After Best fielded some tough questions from town officials, the Severance board voted unanimously to update the language and legalize snowballs. "The law was created many years ago. Today's kids need a reason to play outside".
"I think it's an outdated law", Best said. He then presented his case to the town council at their regular meeting.
"It included a slideshow with facts he had researched and letters from his third-grade classmates", Brooke Best told HuffPost on Tuesday. When board members asked Dane during a meeting in November who he wants to hit, he pointed directly at his little brother. 10-5-80, that said, "It is unlawful for any person to throw or shoot any stone or any other missile upon or at any person, animal, building, tree or other public or private property; or at or against any vehicle or equipment design for the transportation of persons or property".

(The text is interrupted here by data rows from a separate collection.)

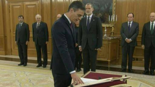Al jurar su cargo el viernes ante el Rey Felipe VI en el Palacio de la Zarzuela, Pedro Sánchez prometió, ante el rey Felipe VI, "cumplir fielmente con las obligaciones del cargo de presidente del Gobierno" y "guardar y hacer guardar la Constitución", durante una ceremonia en el palacio de la Zarzuela de Madrid, residencia de familia real española.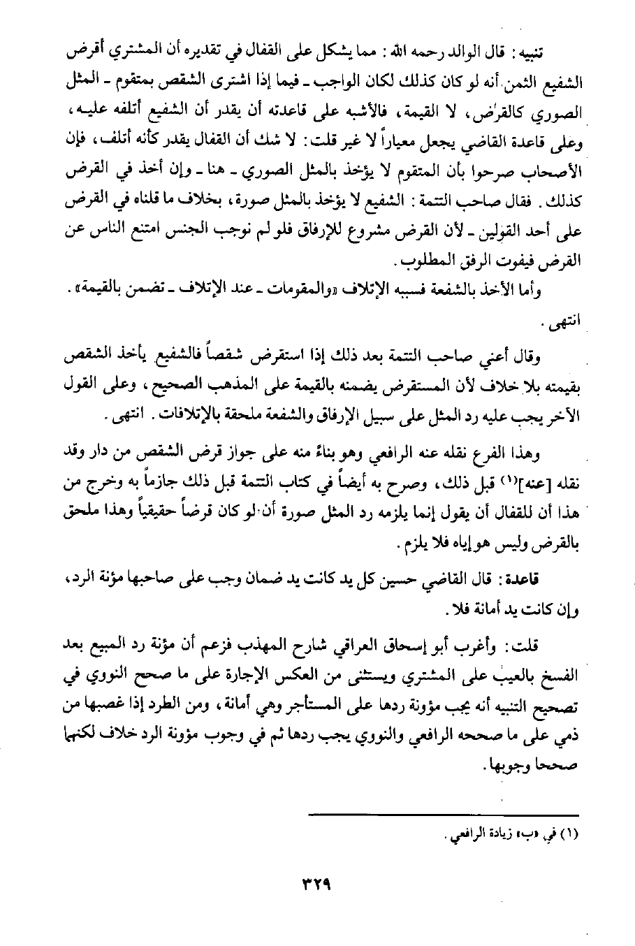 وهذا الفرع نقله عنه الرافعي وهو بناء منه على جواز قرض الشقص من دار وقد نقله [عنه] ١ قبل ذلك، وصرح به أيضا في كتاب التتمة قبل ذلك جازما به وخرج من هذا أن للقفال أن يقول إنما يلزمه رد المثل صورة أن لو كان قرضا حقيقيا وهذا ملحق بالقرض وليس هو إياه فلا يلزم.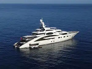 These boats are also known as "megayachts", "gigayachts" and even "terayachts", usually depending on length.[1][2] It has been generally accepted by naval architects and industry executives that superyachts range from 37 m (≈120 ft) to 60 m (≈200 ft), while those over 60 m are known as megayachts and boats over 90 m (≈300 ft) have been referred to as giga-yachts.[3][4]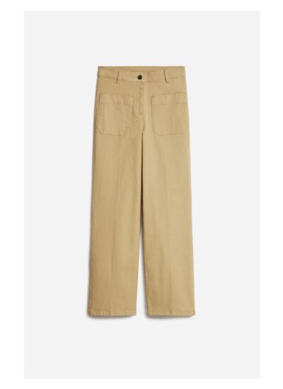 Ce jean en coton est une pièce à la fois tendance et décontractée. Sa coupe droite cropped et sa taille haute offrent un confort optimal tout en allongeant la silhouette. Les grandes poches plaquées à l',avant ajoutent une touche utilitaire et moderne à ce modèle. Polyvalent et facile à assortir, il est parfait pour un look casual avec une blouse fluide ou un t-shirt, ou pour une allure plus habillée avec des sandales à talons. Un indispensable pour un style chic et naturel au quotidien.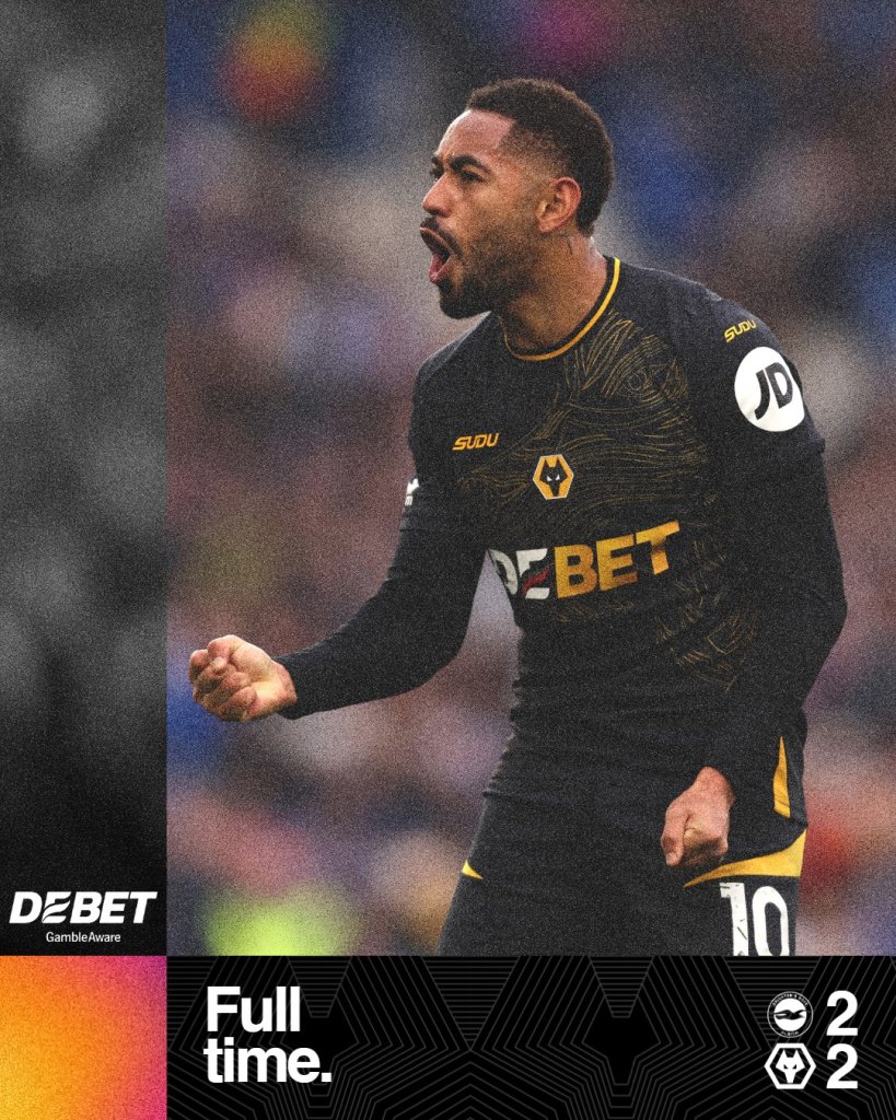 Ωστόσο στο 88’ μετά από κόρνερ η μπάλα έμεινε στην περιοχή της Μπράιτον και ο Αΐτ Νουρί μείωσε σε 2-1 και στο 90+3’ η Γουλβς έφυγε στην κόντρα και ο Κούνια με διαγώνιο σουτ από δεξιά έκανες το 2-2! Μάλιστα στην προηγούμενη φάση η Μπράιτον είχε βγει στην κόντρα με τέσσερις παίκτες έναντι εντός αμυντικού της Γουλβς.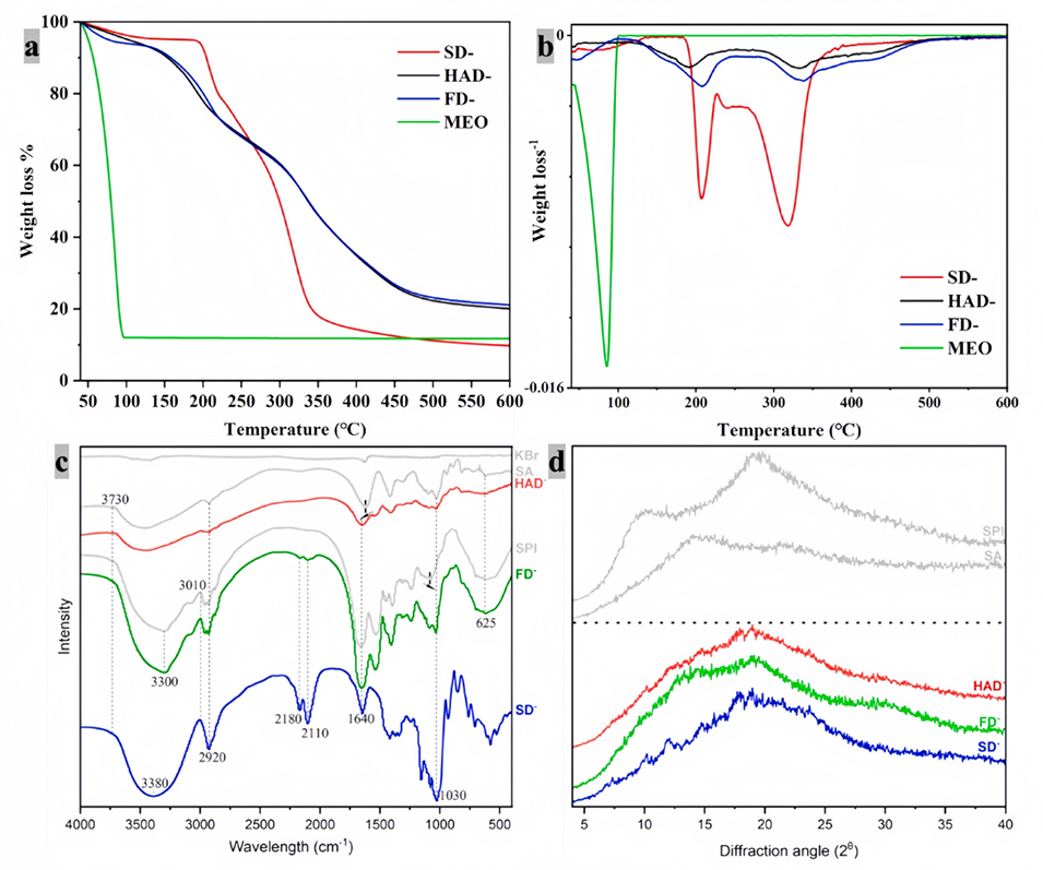 图3.(a)微胶囊的热重分析(TGA)与(b)导数热重(DTG)曲线;(c)傅里叶变换红外光谱图(FT-IR);(d)X射线衍射(XRD)图谱(2θ范围:4°-40°,Cu Kα辐射)。

Best worked with Mayor Don McLeod and his parents to figure out what steps needed to be taken in order to exempt snowballs from the ordinance.
He learned about the century-old law while on a field trip with his school to town hall and was completely shocked.
'So, what ends up happening is (town leaders) always encourage the kids with, "You have the power you can change the law".
Brooke Best told HuffPost her son initially asked her to lead the charge to have the law changed.
"You can make any change and it doesn't require an age". "At first, I didn't know if he could, but figured if nothing else, it would be a good learning experience".
"It was insane", Best said.
That is, until Dane came along.
The boy got to have his first legal snowball fight immediately following the meeting. "He was pretty excited".
After winning his argument, Dane was given the town's first legal snowball to throw in celebration.
Dane and his family have researched other Severance ordinances, including one that defines pets only as cats and dogs.
"He did a brief little introduction about who he was and why he was there, then he went through his PowerPoint presentation and presented evidence to the board", he said. "He'll say, 'Well, it is an illegal pet, mom".